Tip: Depending on your ‘meat’ and your personal tastes, you may like to consider adding a small clove of garlic to the dressing. I wouldn’t use too much or it will overpower the subtleness of the other ingredients, but a little can go a long way. Alternatively – and this is my preference – rub some garlic over your meat before grilling it for a more subtle garlic taste.
Make this tasty pumpkin and feta salad soon!
This pumpkin and feta salad really is that simple, that versatile and that tasty that it deserves to be on your favourite salads list and get eaten often. Try it and you will see that I am right.
What are your favourite simple salads? Do you have one versatile dish that you can adapt to suit?
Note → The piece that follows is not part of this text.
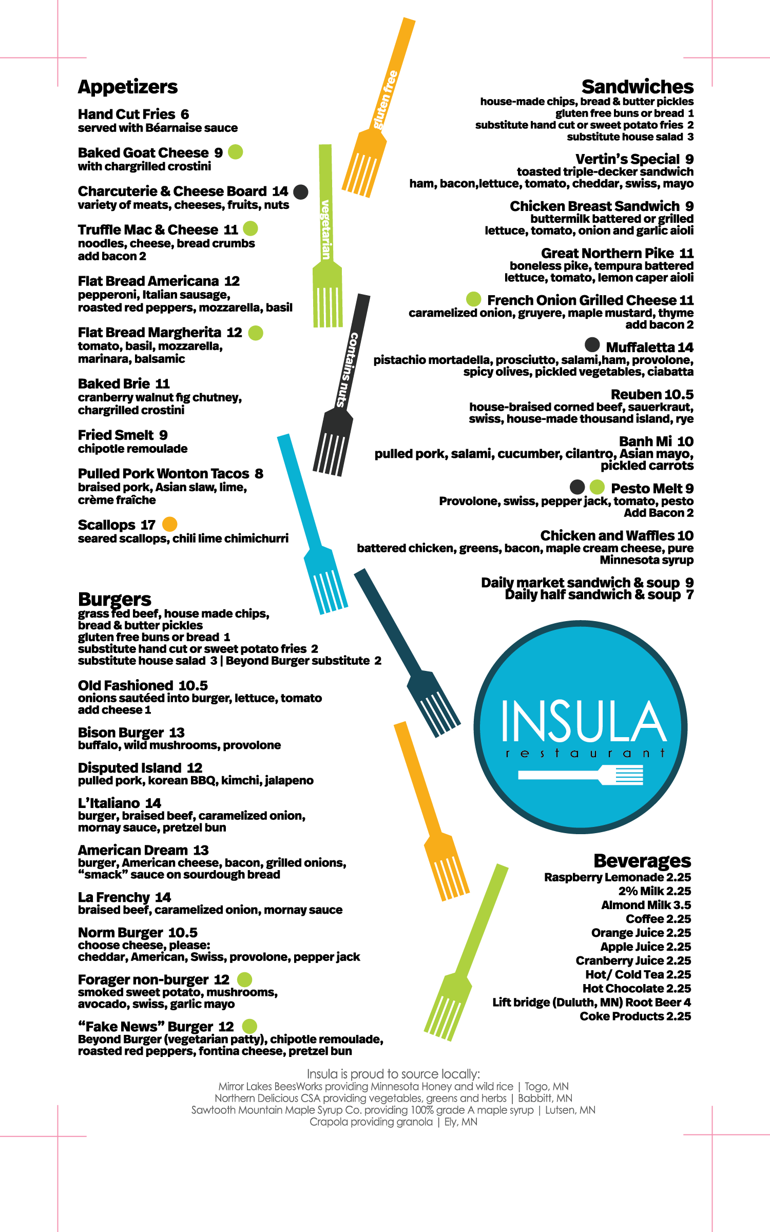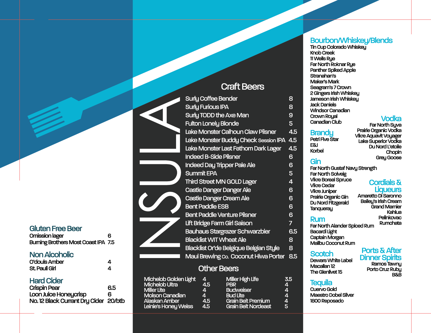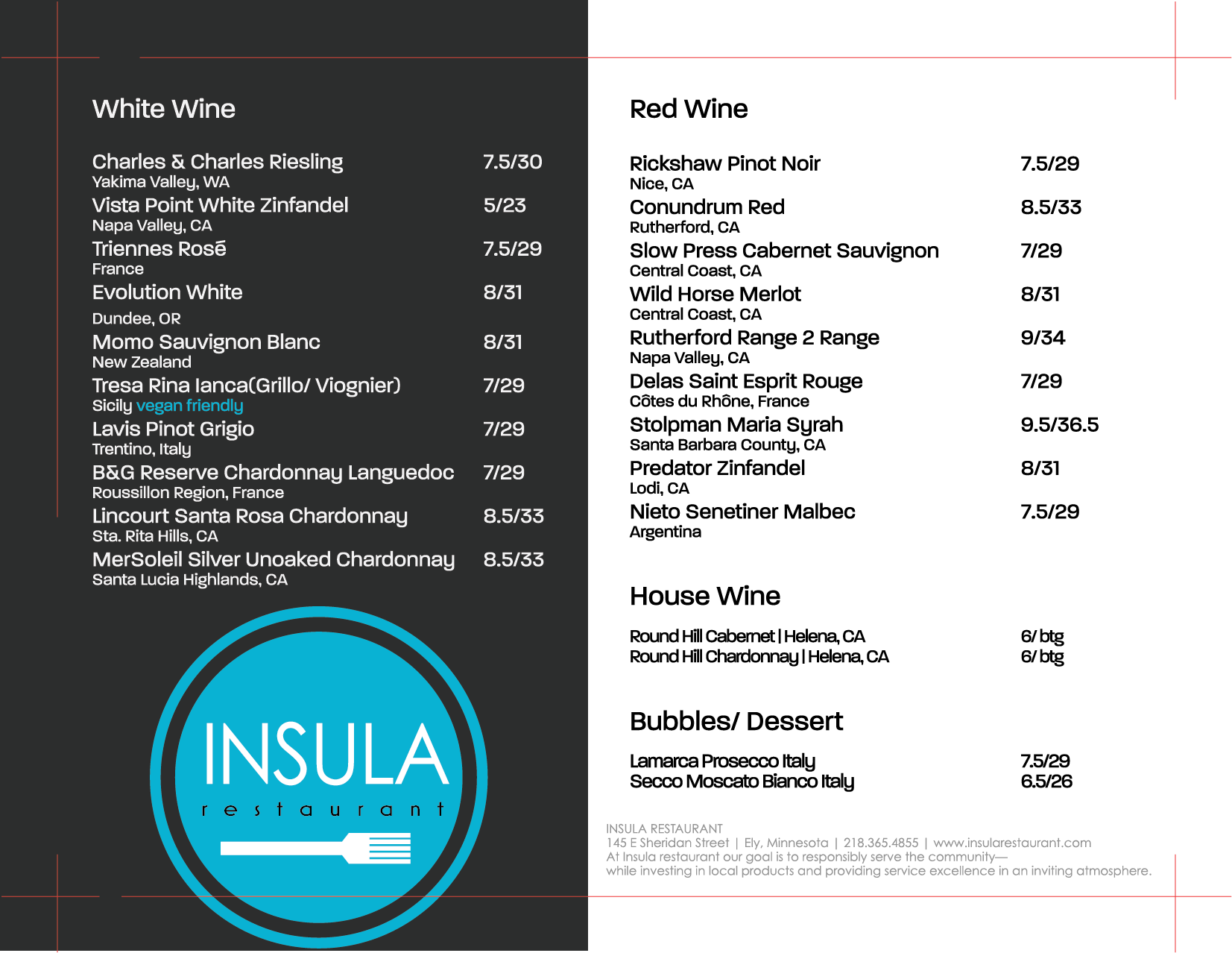 Redesign for the Insula summer Restaurant menu; and example of redesign and modification for updated information and visual identity refresh
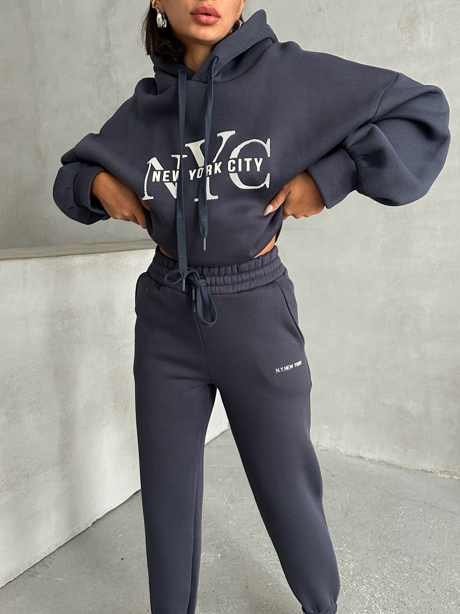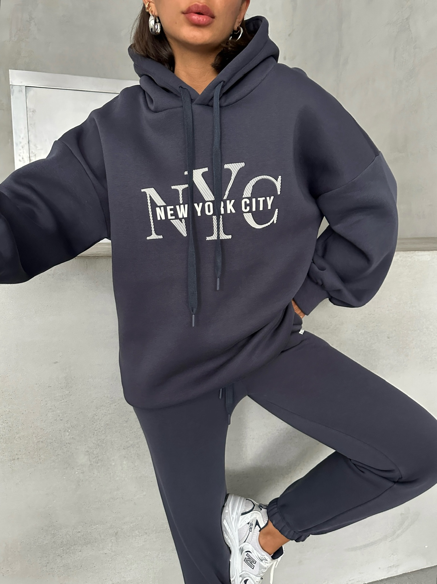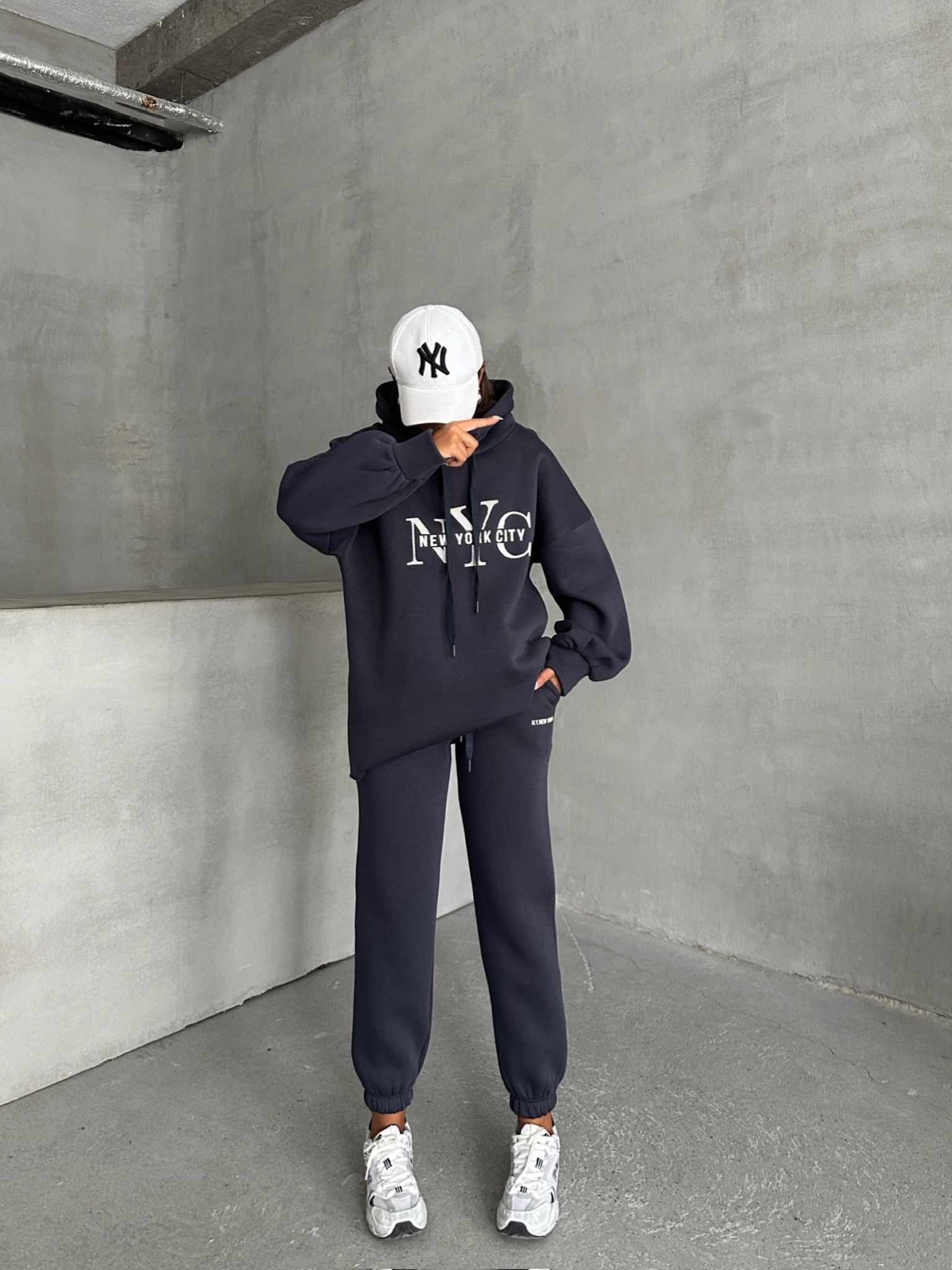 TKM-03631 Füme New York City Kabartma Baskılı Salaş Kapüşonlu Sweatshirt Jogger Eşofman İkili Takım

Tasty pumpkin and feta salad
- 150 g Lamb's lettuce or baby spinach
- 300 g butternut pumpkin cut into mouth-sized chunks
- 1 handful of cashews or pine nuts or other nuts of your choice
- 150 g feta cheese
- 2 tablespoons olive oil extra virgin
- 2 tablespoons balsamic vinegar
- 2 tablespoons maple syrup
- 1 teaspoon mustard sweet or dijon
- salt and pepper to taste
- Place the pumpkin chunks in a well-oiled baking pan. Season with salt and pepper and use your fingers to mix the pumpkin until all the chunks are coated in oil. Place the pan in the oven (180°c). Roast for about half an hour, taking care when turning the pumpkin over after about 20 minutes.Once the pumpkin chunks have started to brown and are soft in the middle, remove from the oven and allow to cool.
- Crush the cashews in the palm of your hand. If they are not already roasted, add to a small (dry) non-stick frypan. Add the pine nuts. Briefly brown the nuts over medium heat, tossing the nuts occasionally until the nuts start to brown, being careful not to burn them.
- Wash the salad and add to your salad bowl. Crumble pieces of the feta into the bowl. Add the nuts and pumpkin to the salad bowl. For the dressing, place the remaining ingredients into a cup and whisk with a fork until well combined. Season to taste. Pour the dressing over the salad and toss. Alternatively, you can serve the dressing on the side.
- Crumble pieces of the feta into the bowl and add the nuts and pumpkin.
- For the dressing, place the remaining ingredients into a mug and whisk with a mini whisk or fork until well combined. Season to taste.
- Pour the dressing over the salad and toss through. Alternatively, you can serve the dressing on the side.